"Oh! Let us see--let us count--let us see," he said, as he was unbuckling the straps with his tremulous fingers. "We must count them--we must see to it. I have pencil and pocket-book--but--where's the key? See this cursed lock! My--! What is it? Where's the key?"
He was standing before the Countess, shuffling his feet, with his hands extended and all his fingers quivering.
"I have not got it; how could I? It is in his pocket, of course," said the lady.
In another instant the fingers of the old miscreant were in my pockets; he plucked out everything they contained, and some keys among the rest.
I lay in precisely the state in which I had been during my drive with the Marquis to Paris. This wretch, I knew, was about to rob me. The whole drama, and the Countess's rôle in it, I could not yet comprehend. I could not be sure--so much more presence of mind and histrionic resource have women than fall to the lot of our clumsy sex--whether the return of the Count was not, in truth, a surprise to her; and this scrutiny of the contents of my strong box, an extempore undertaking of the Count's.
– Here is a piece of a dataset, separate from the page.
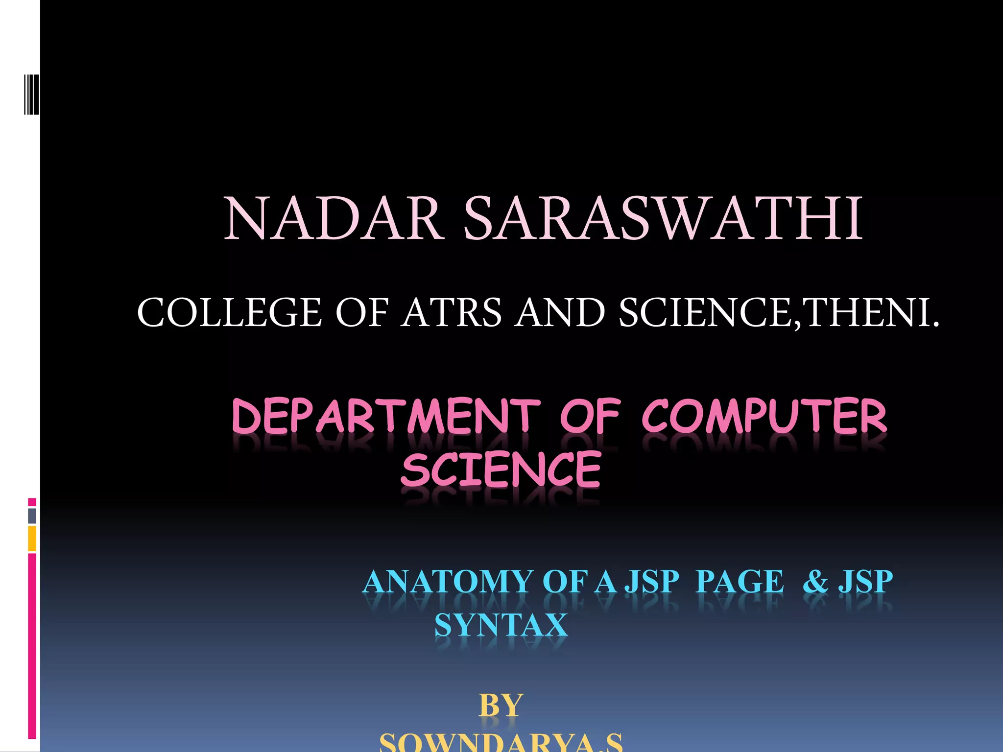 DEPARTMENT OF COMPUTER SCIENCE ANATOMYOF A JSP PAGE & JSP SYNTAX BY NADAR SARASWATHI COLLEGE OF ATRS AND SCIENCE,THENI.

But it was clearing more and more every moment: and I was destined, very soon, to comprehend minutely my appalling situation.
I had not the power of turning my eyes this way or that, the smallest fraction of a hair's breadth. But let anyone, placed as I was at the end of a room, ascertain for himself by experiment how wide is the field of sight, without the slightest alteration in the line of vision, he will find that it takes in the entire breadth of a large room, and that up to a very short distance before him; and imperfectly, by a refraction, I believe, in the eye itself, to a point very near indeed. Next to nothing that passed in the room, therefore, was hidden from me.
The old man had, by this time, found the key. The leather case was open. The box cramped round with iron was next unlocked. He turned out its contents upon the table.
"Rouleaux of a hundred Napoleons each. One, two, three. Yes, quick. Write down a thousand Napoleons. One, two; yes, right. Another thousand, write!" And so on and on till the gold was rapidly counted. Then came the notes.
"Ten thousand francs. Write. Then thousand francs again. Is it written? Another ten thousand francs: is it down? Smaller notes would have been better. They should have been smaller. These are horribly embarrassing. Bolt that door again; Planard would become unreasonable if he knew the amount. Why did you not tell him to get it in smaller notes? No matter now--go on--it can't be helped--write--another ten thousand francs--another--another." And so on, till my treasure was counted out before my face, while I saw and heard all that passed with the sharpest distinctness, and my mental perceptions were horribly vivid. But in all other respects I was dead.